Is there a time where you say, no, I'm not going to plant a pulse or a vetch
Chris Hunt: The vetch will always go in. Yep. It may go in with barley.
Yep. So, we've got that cereal component.
Chris McDonough: And how late would you sow that?
Chris Hunt: We dry, so all our vetch, so all our vetch is in, in April.
Chris McDonough: Okay. Yep.
Chris Hunt: Hopefully we've kicked off in March if we're organized. So, all our vetch goes in dry regardless. The main legume. We have been growing that can be dictated by weather decisions are chickpeas and lentils and especially chickpeas. Like we carried chickpeas seed for two years in 18, 19, and chemical just, we didn't have the opportunity to establish them and because of their rhizobia, they need to be established relatively wet. Yes.
Chris McDonough: Yeah, so you'd pull out maybe what mid-May on that.
Chris Hunt: Yeah. Look, if we, so we, if we abandoned, like in 18 and 19, when we abandoned the plan to grow chickpeas, we then swung it to both times. We swung the areas to field peas. Yes. Because we always sow field peas as our last crops in the tail end of May like around the 20th.
Yes. And we're not phased about rhizobia with field peas. Yeah. Because of the history and backgrounds, et cetera.
Chris McDonough: And you throw a bit of cereal out with it in those vulnerable years. Wheaton. Yeah. Yeah. Very good. Now, are there any machinery considerations about what's happening with you the way you're spreading
your straw or the way you use your you got SP sprayer how do you work that so that you don't have wheel tracks blowing out and stuff like that?
Chris Hunt: Yeah. So around machinery considerations, we generally in the summer program we don't use the same wheel tracks time after time. One is to stop the wheel tracks bearing out. And two, we also get any weeds that are dust-covered from the previous pass. With the seeding, we have started seeding quite a lot of stuff at alternate angles from year to year.
This, we believe leaves us with more standing stubble coming. Fodder phase of vetch, barley. Also, we have found that sowing on alternative angles levels country that has become pretty rough either by wind erosion or trafficking you don't get it achieved in the first year, but over a couple of years, it can save you using stuff like tillage to level up a rough paddock if you just bear with it and sew it on AB lines for a couple of years. You soon pull it around.
Chris McDonough: So that's 10 or 15 degrees and might depend on just the angles of where you're starting at; what side of the paddock with your fence lines?
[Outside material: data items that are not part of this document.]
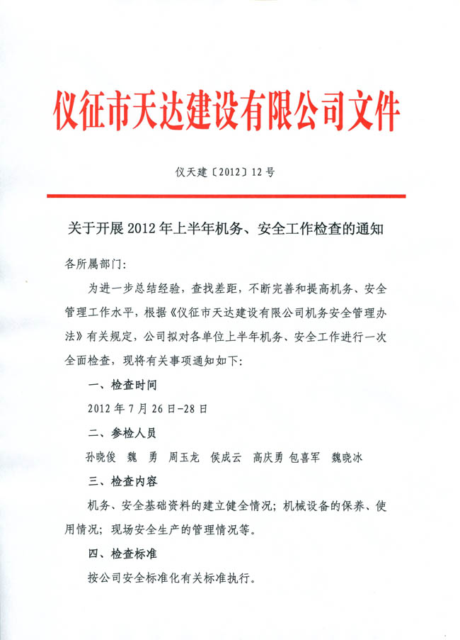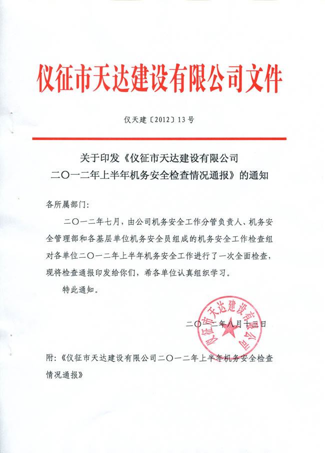 關(guān)于印發(fā)《儀征市天達(dá)建設(shè)有限公司2012年上半年機(jī)務(wù)安全檢查情況通報(bào)》的通知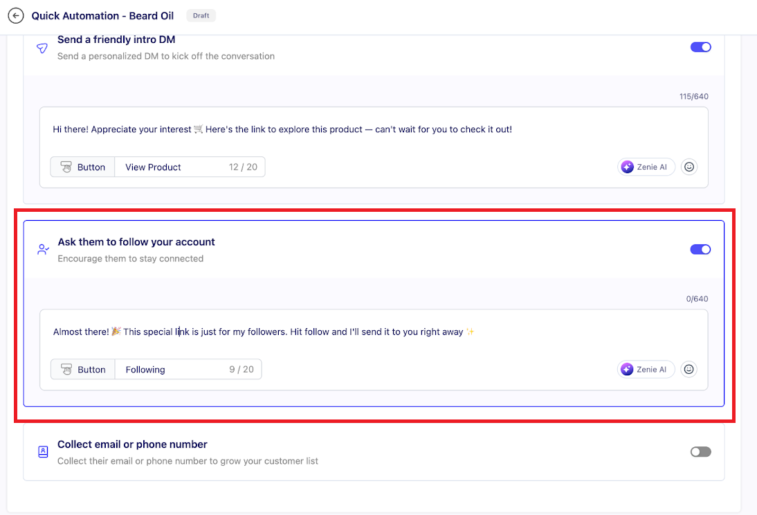 Your Instagram Automation is ready. Now ZEPIC will automatically: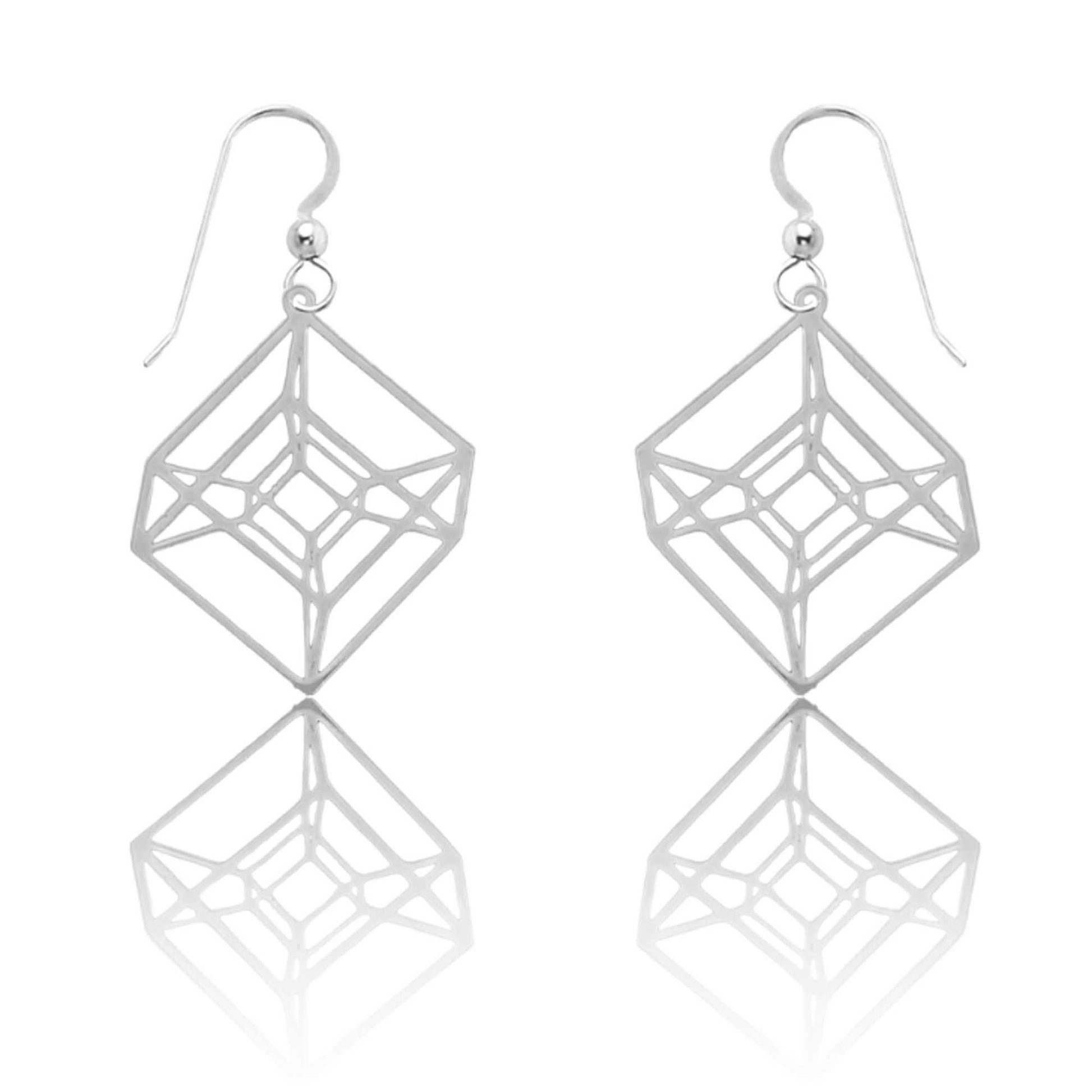 These Hypercube earrings blend mathematical elegance with scientific intrigue. Featuring a detailed hypercube design, they are perfect for those who appreciate the beauty of multidimensional geometry. Available in both gold and silver, these earrings are a unique addition to any collection, making them ideal for math enthusiasts and lovers of distinctive jewelry.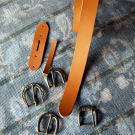 ベルト用の革、サルカワ、バックル用の留め革のセットです。3センチと4センチをご用意いたしました。色は3色。黒、チョコ、茶。是非オリジナルベルトを作ってみてください。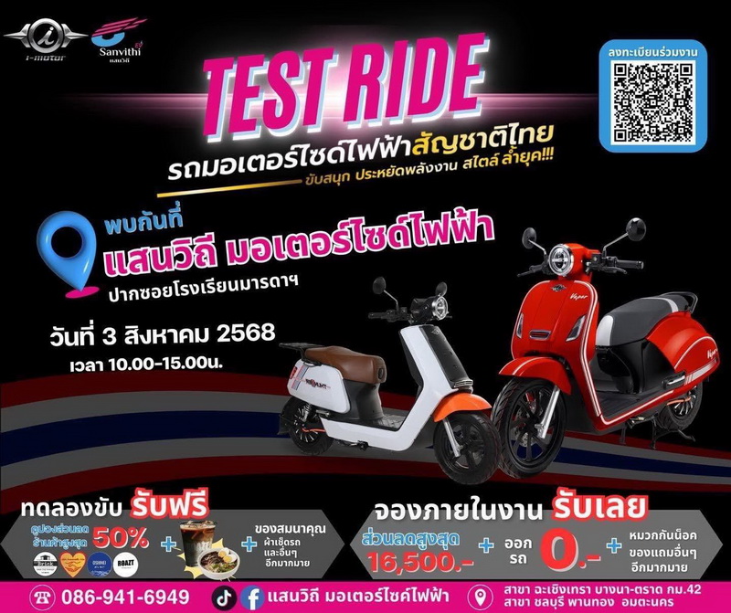ติดต่อผู้แทนจำหน่าย I-Motor เพื่อทดลองขับขี่รถมอเตอร์ไซค์ และติดตามข้อมูล รวมทั้งกิจกรรมต่างๆ ได้ที่ www.imotorthailand.com หรือ Facebook : I-Motor Thailand และ ฝ่ายขาย โทร. 064-494 9129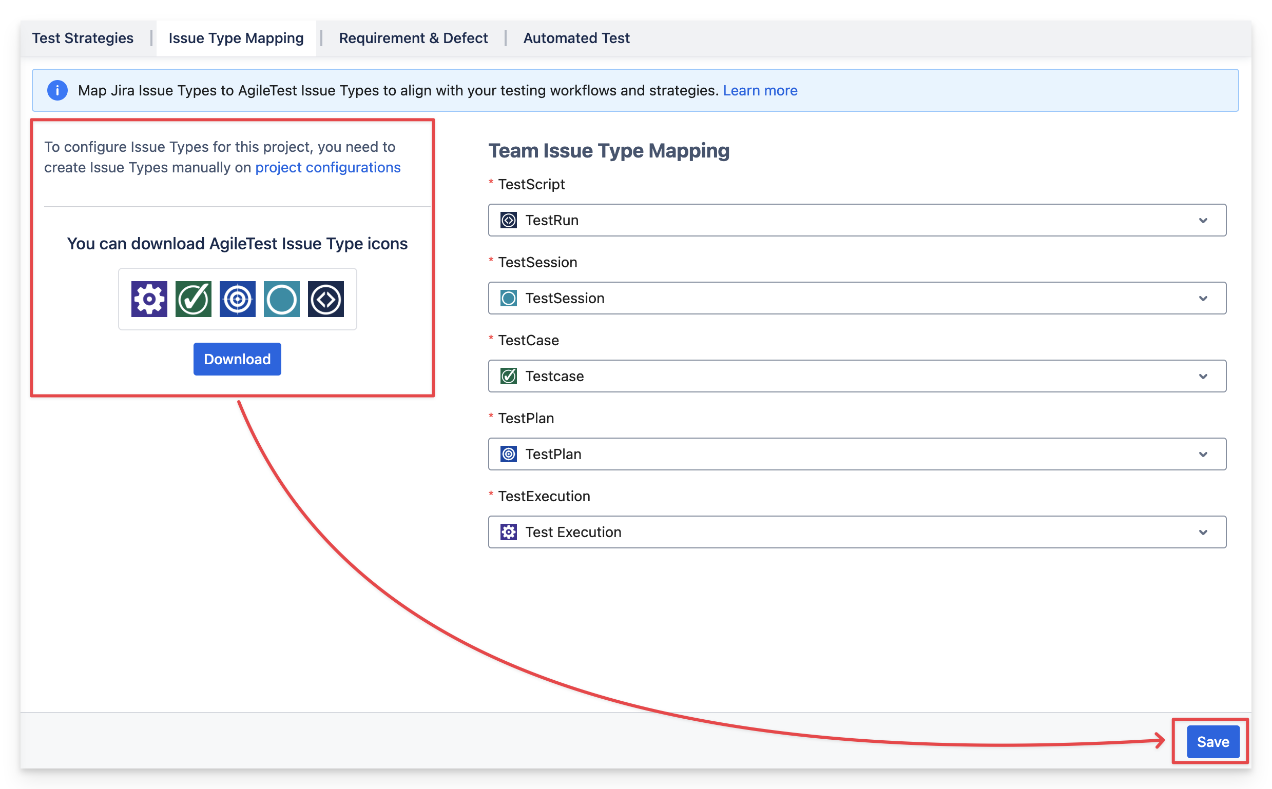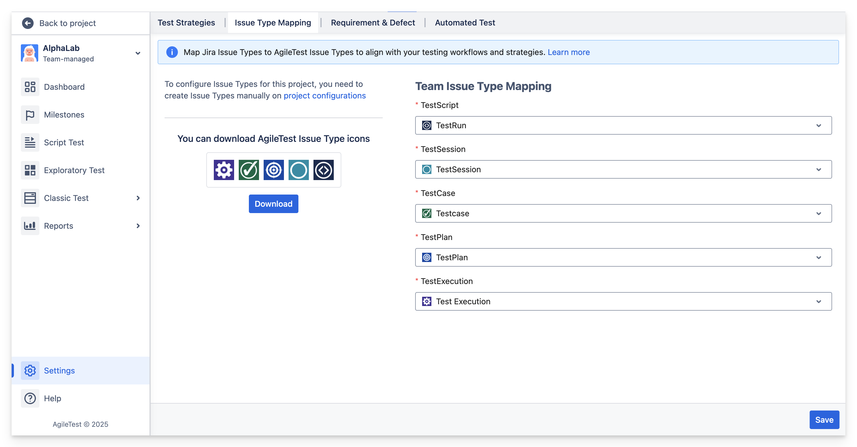 If the AgileTest is not yet present in the project, choose Issue Types Mapping in AgileTest Settings.

Chris Hunt: Yeah, generally if the paddock's not many of our paddocks are perfectly square, so generally if you work off one side fence line this year and the opposite side the next year and alternate them, you're generally achieving some sort of angle around that, five to 15-degree bracket.
Chris McDonough: And imagine also just for your chaff spread, there's probably hitting more of the paddock as well if you are just making those adjustments from year to year.
Chris Hunt: Yeah, we, and you don't get into the scenario if you have had poor chaff spreading as we have had with previous headers where you can get everything lined up perfectly wrong to have trash flow issues. Yeah. In terms of where the chaff is the thickest lining up with where the points in the seeding machine for trash flow are the worst. You're constantly in and out of the good and bad points with both.
Chris McDonough: So just in summary, it just sounds like, you've adjusted some things to make sure you can keep your paddocks safe from your livestock management and maybe acting a bit earlier while there's still adequate cover in there.
And then you're doing stuff around, particularly the pulse part or the legume part of your rotation to make that safer. And so, are you confident that if you had this run of years again, you'd be in a lot better place?
Chris Hunt: Yeah, I think so. Yeah. You always learn and every year is different. Probably you come into the years, more prepared in terms of not might physically be on the ground, but just having scenarios in place and plans. If you got to action them.
Chris McDonough: Excellent. Thanks very much for sharing with us a few good ideas there.
Chris Hunt: No worries. Thanks, Chris.